The shocking revelations in the sport of cycling just keep coming. What a week it's been? Of course if we had really been paying attention, we would have known or suspected much of this, so really it should not have come as much of a surprise.
Everyone has their limits. Real competitive sport at the elite high performance level is ruthless - endurance sports like cycling, particularly so. You either keep up . . . or you don't! When you reach that personal limit, when you know you have trained as absolutly as hard as you can and you still can't keep up, or perhaps the podium, is only a few minutes, seconds or steps away . . . . then what?
Maybe I was lucky. I always trained with guys who were a lot better then me - first in running and then in triathlon. Early on in the game, I knew that despite all the training, despite all the hard work, even though we did all the same work outs, there was no way I was going to beat the better guys that I trained with. Call it defeatist if you like. To me it just seemed to be reality.
In the early '90's, I was deep into triathlon. I had come close to breaking 9 hours for the Ironman a couple of times. I was training what seemed to be a crazy amount - kept wondering, if this was my limit. Had a reached the point of taking this as far as I could go? Nine hours at the time was an OK time, but to really break-though, you needed to go sub-9 to be taken seriously.

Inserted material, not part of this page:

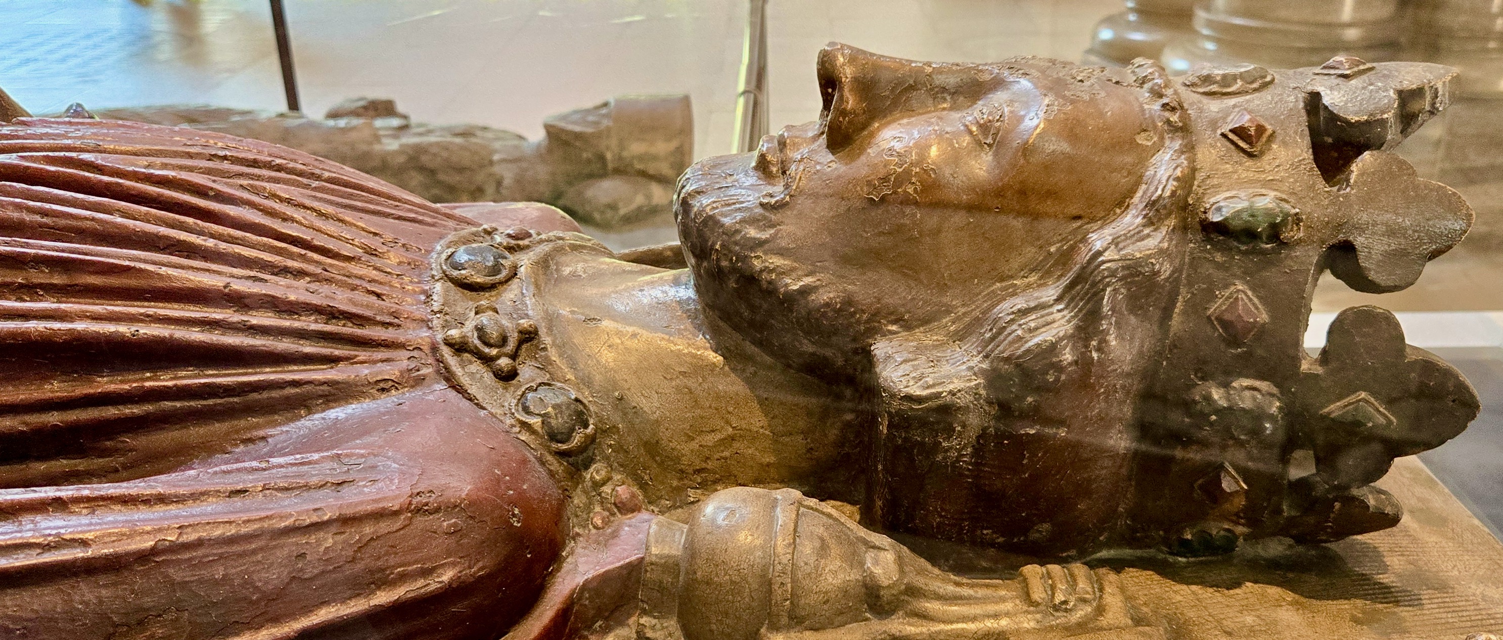 There were several Americans here as I was visiting and I suspect it is a draw, particularly now as our United States Bill of Rights are under attack. Our Bill of rights takes some of its ideas from the Magna Carta which came to fruition in 1215 under the Reign of King John. A copy of his effigy is on loan here from the Victoria & Albert Museum. [Original is in Worcester Cathedral].

Some potential sponsors had even said, "Call me when you break 9"!
Around that time, I was working out at a local gym and fell into conversation with a coach (note he was not a triathlon coach, but a strength coach who worked out of that gym) who I knew, and helped athletes with strength training. He said to me in a quiet moment of conversation one day, straight-up, that I would be the perfect candidate for a low dosage steroid program. Super-lean (read - skinny-bean-pole) endurance athletes like me, did well on these programs. It allowed us to recover quicker from really hard workouts and made us overall more durable. Meaning, able to train more at a higher level, and then go faster. There was no testing at all in triathlon, the coach said. It was the ideal situation, he concluded!
It could have been that easy for me. In Canada at the time, we were still reeling with the hangover from the Ben Johnson Seoul Olympic Games debacle. Taking steroids, was a no-no. I soon moved, never went back to that gym and never saw that coach again. I did not succumb. I continued to believe that, I could be my best, and get that sub-9 Ironman time, on hard-work and hope.
I tried a few more times, but the sub-9 Ironman remained elusive and by the mid-90's, I had moved onto others things and after my son was born in 1997, gave up on the sport at a competitive level completely.
Given all the news and the revelations this week, I keep thinking back to those days in the early 90's, and that conversation at the gym. How beat-up, battered and fatigued I was after heavy training, and how one conversation and the outcome could have changed everything.
Not making excuses for professional cyclists, but the pressures right through the peleton that they face, would I assume be significantly greater than what me, the sub-pro triathlete was facing in the early 90's. However, everyone will reach their limit, and when they reach that point, knowing realistically, that just more years of hard work is not going to do it, that's perhaps when you reach that junction in the road - one road, is more hard work, but you know not much is going to change. The other road, is to seek some form of outside illegal assistance.
The question is, what road do you take? If you are an endurance athlete, at the level I was at (or there abouts), where you ever tempted along the way?